▸ ACTIVITY
A verbatim repeat of the lines below is required, with the pictures removed.

SUPPLIED MATERIAL START

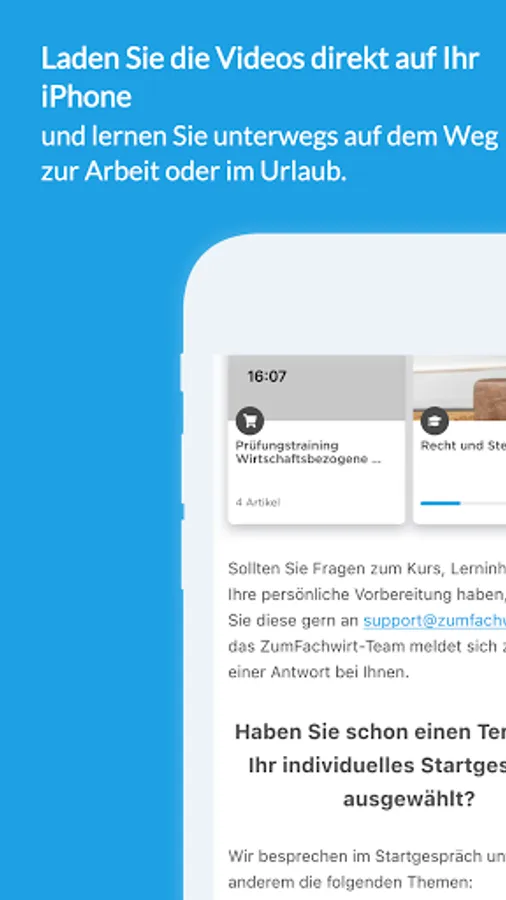 This is the app for all ZumFachwirt customers. Here the videos, scripts and mind maps can be viewed and downloaded.
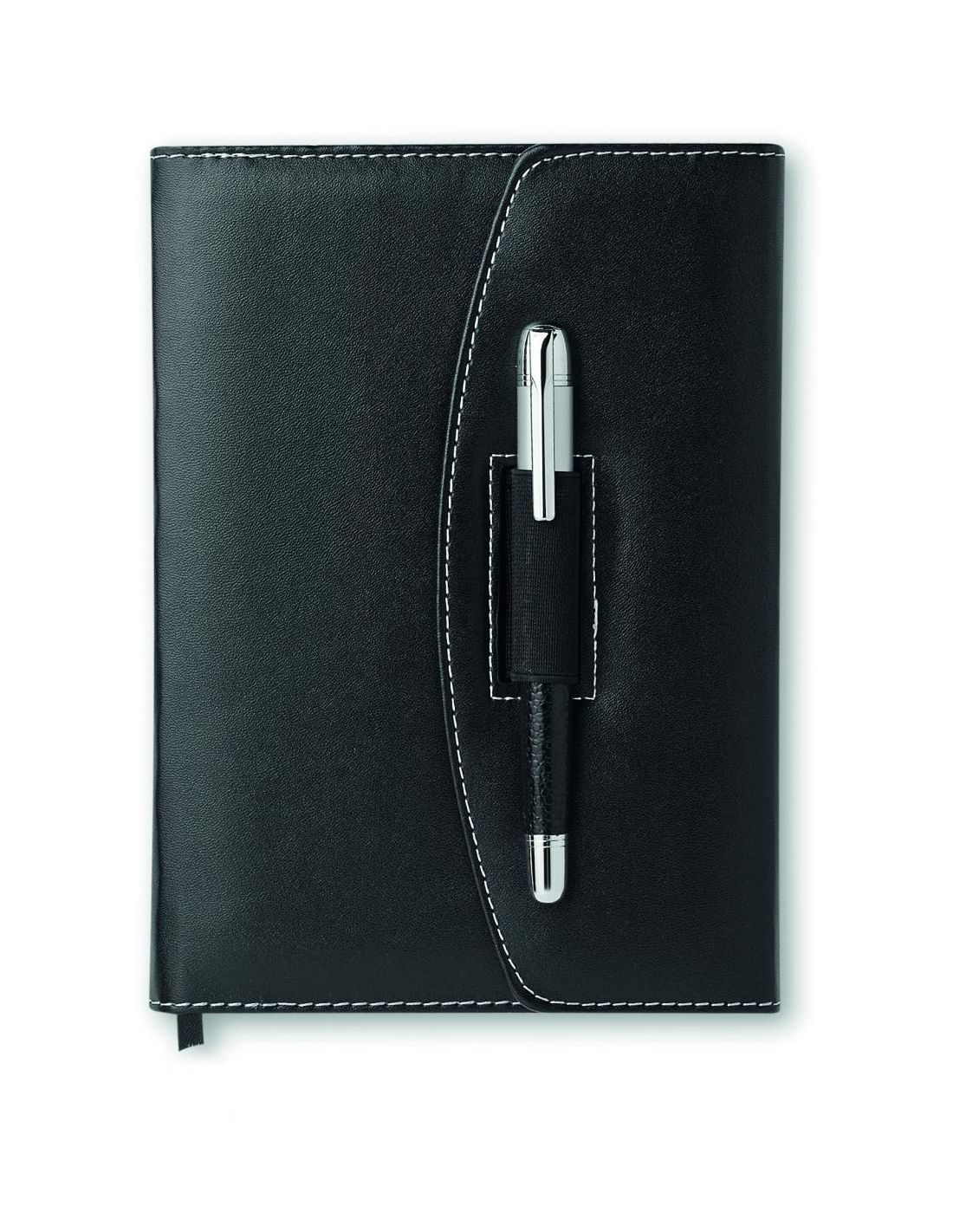 Portafolios tamaño A5, incluye bloc de 120 páginas y bolígrafo metálico. Material PU. Tinta negra.
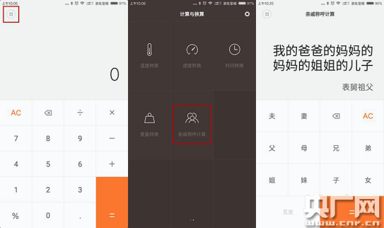 升級到最新版本的MIUI系統(tǒng),系統(tǒng)內(nèi)置計算機(jī)應(yīng)用即配備“親戚稱呼計算”功能,在默認(rèn)界面下點擊左上角菜單欄,右滑第二屏即可看到。
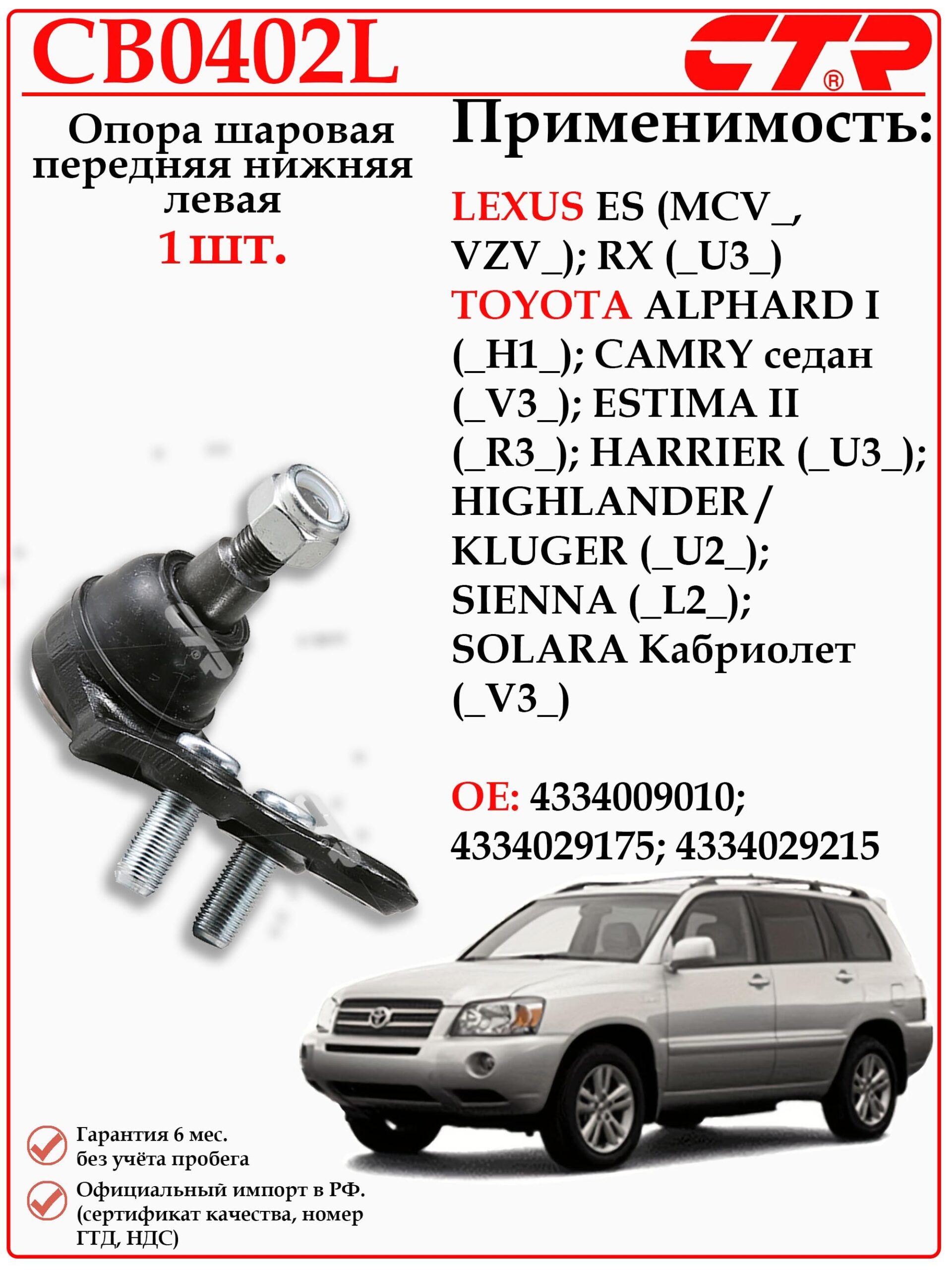 Шаровая опора Левая для Тойота Альфард, Камри, Эстима, Харриер, Хайлендер, Сиенна, Солара, Лексус RX, ES CTR CB0402L
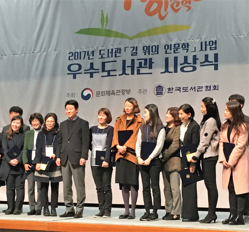 이번 시상식은 지난 11월 29일 여수 엠블호텔 컨벤션센터에서 200여명의 사서들이 참석한 가운데 열렸다. 2017년 ‘도서관 길 위의 인문학’ 사업에 공모한 도서관은 전국 403개관으로 대치도서관과 평택시립장당도서관이 문화체육관광부 장관상을 수상했고 교하도서관을 비롯한 20개 도서관이 한국도서관협회상을 수상했다.
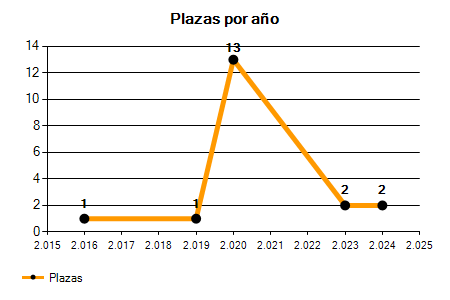 En los siguientes gráficos se puede ver la evolución del número de convocatorias y plazas convocadas para la profesión de Técnico/a en Cartografía de los últimos años pudiéndose observar una caída del 100,00% desde el año 2016 hasta el 2025 en número de convocatorias y una caída del 100,00% en número de plazas convocadas.
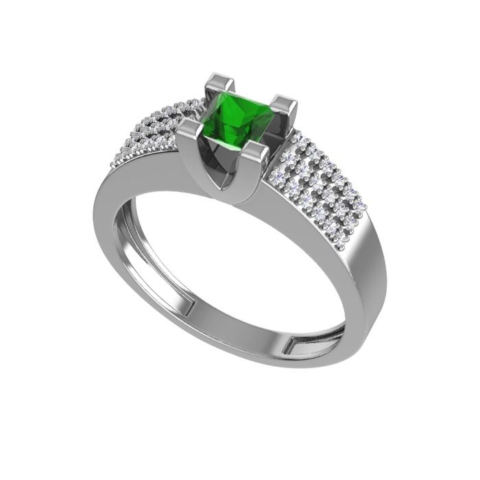 Yeşil kuvars ve pırlanta 14 ayar beyaz altın yüzük (0.3168 karat)

SUPPLIED MATERIAL END

▸ EXERCISE RESPONSE
 This is the app for all ZumFachwirt customers. Here the videos, scripts and mind maps can be viewed and downloaded.
 Portafolios tamaño A5, incluye bloc de 120 páginas y bolígrafo metálico. Material PU. Tinta negra.
 升級到最新版本的MIUI系統(tǒng),系統(tǒng)內(nèi)置計算機(jī)應(yīng)用即配備“親戚稱呼計算”功能,在默認(rèn)界面下點擊左上角菜單欄,右滑第二屏即可看到。
 Шаровая опора Левая для Тойота Альфард, Камри, Эстима, Харриер, Хайлендер, Сиенна, Солара, Лексус RX, ES CTR CB0402L
 이번 시상식은 지난 11월 29일 여수 엠블호텔 컨벤션센터에서 200여명의 사서들이 참석한 가운데 열렸다. 2017년 ‘도서관 길 위의 인문학’ 사업에 공모한 도서관은 전국 403개관으로 대치도서관과 평택시립장당도서관이 문화체육관광부 장관상을 수상했고 교하도서관을 비롯한 20개 도서관이 한국도서관협회상을 수상했다.
 En los siguientes gráficos se puede ver la evolución del número de convocatorias y plazas convocadas para la profesión de Técnico/a en Cartografía de los últimos años pudiéndose observar una caída del 100,00% desde el año 2016 hasta el 2025 en número de convocatorias y una caída del 100,00% en número de plazas convocadas.
 Yeşil kuvars ve pırlanta 14 ayar beyaz altın yüzük (0.3168 karat)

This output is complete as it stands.